小结:
pandas库的参数变了不少,一定要先去官网升级到最新版的pandas,然后下载一个详细RN用于查询。
- 透视表pivot_table
- 交叉表 crosstab
1. 透视表pivot_table
根据一个键或多个键做数据聚合,默认类型是:根据键值/键值对,计算分组平均数
常规引入相关库
import pandas as pd
import numpy as np
from pandas import DataFrame,Series
注意pivot_table 可以在DadaFrame或pandas中调用,以下是在DadaFrame中调用。
# 读取数据并确定是DataFrame格式
In [10]: tips = pd.read_csv('ch08/tips.csv')

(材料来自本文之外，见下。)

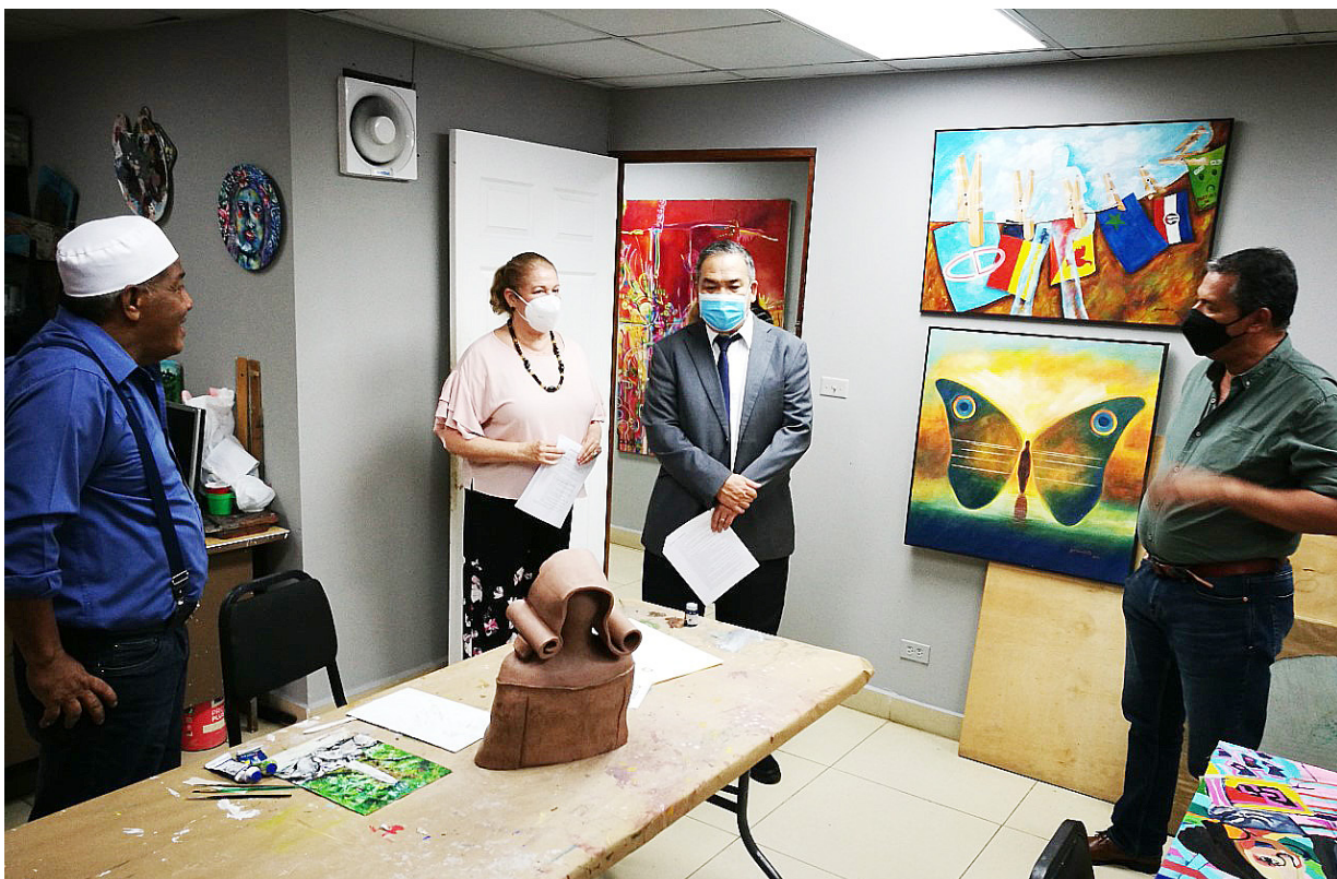
Vicerrector de Extensión en visita a la Dirección de Cultura.

In [11]: tips['tip_pct'] = tips['tip'] / tips['total_bill']
In [12]: tips[:10]
Out[12]:
total_bill tip sex smoker day time size tip_pct
0 16.99 1.01 Female No Sun Dinner 2 0.059447
1 10.34 1.66 Male No Sun Dinner 3 0.160542
2 21.01 3.50 Male No Sun Dinner 3 0.166587
3 23.68 3.31 Male No Sun Dinner 2 0.139780
4 24.59 3.61 Female No Sun Dinner 4 0.146808
5 25.29 4.71 Male No Sun Dinner 4 0.186240
6 8.77 2.00 Male No Sun Dinner 2 0.228050
7 26.88 3.12 Male No Sun Dinner 4 0.116071
8 15.04 1.96 Male No Sun Dinner 2 0.130319
9 14.78 3.23 Male No Sun Dinner 2 0.218539
In [5]: type(tips)
Out[5]: pandas.core.frame.DataFrame
# 普通透视表,设定index
In [6]: tips.pivot_table(index=['sex','smoker'])
Out[6]:
size tip tip_pct total_bill
sex smoker
Female No 2.592593 2.773519 0.156921 18.105185
Yes 2.242424 2.931515 0.182150 17.977879
Male No 2.711340 3.113402 0.160669 19.791237
Yes 2.500000 3.051167 0.152771 22.284500
# 多层透视表, margins 作用是多加一个ALL列,不考虑分组级别中的差异
In [9]: tips.pivot_table( ['tip_pct','size'], index = ['sex','day'],
...: columns ='smoker')
...:
...:
Out[9]:
size tip_pct
smoker No Yes No Yes
sex day
Female Fri 2.500000 2.000000 0.165296 0.209129
Sat 2.307692 2.200000 0.147993 0.163817
Sun 3.071429 2.500000 0.165710 0.237075
Thur 2.480000 2.428571 0.155971 0.163073
Male Fri 2.000000 2.125000 0.138005 0.144730
Sat 2.656250 2.629630 0.162132 0.139067
Sun 2.883721 2.600000 0.158291 0.173964
Thur 2.500000 2.300000 0.165706 0.164417
In [10]:
In [10]: tips.pivot_table( ['tip_pct','size'], index = ['sex','day'],
...: columns ='smoker', margins = True)
...:
...:
...:
Out[10]:
size tip_pct
smoker No Yes All No Yes All
sex day
Female Fri 2.500000 2.000000 2.111111 0.165296 0.209129 0.199388
Sat 2.307692 2.200000 2.250000 0.147993 0.163817 0.156470
Sun 3.071429 2.500000 2.944444 0.165710 0.237075 0.181569
Thur 2.480000 2.428571 2.468750 0.155971 0.163073 0.157525
Male Fri 2.000000 2.125000 2.100000 0.138005 0.144730 0.143385
Sat 2.656250 2.629630 2.644068 0.162132 0.139067 0.151577
Sun 2.883721 2.600000 2.810345 0.158291 0.173964 0.162344
Thur 2.500000 2.300000 2.433333 0.165706 0.164417 0.165276
All 2.668874 2.408602 2.569672 0.159328 0.163196 0.160803
# 一个对比例子, 普通透视表,margins 参数, fill_value填充空值,aggfunc使用其他函数(还能用lambda或自定义函数)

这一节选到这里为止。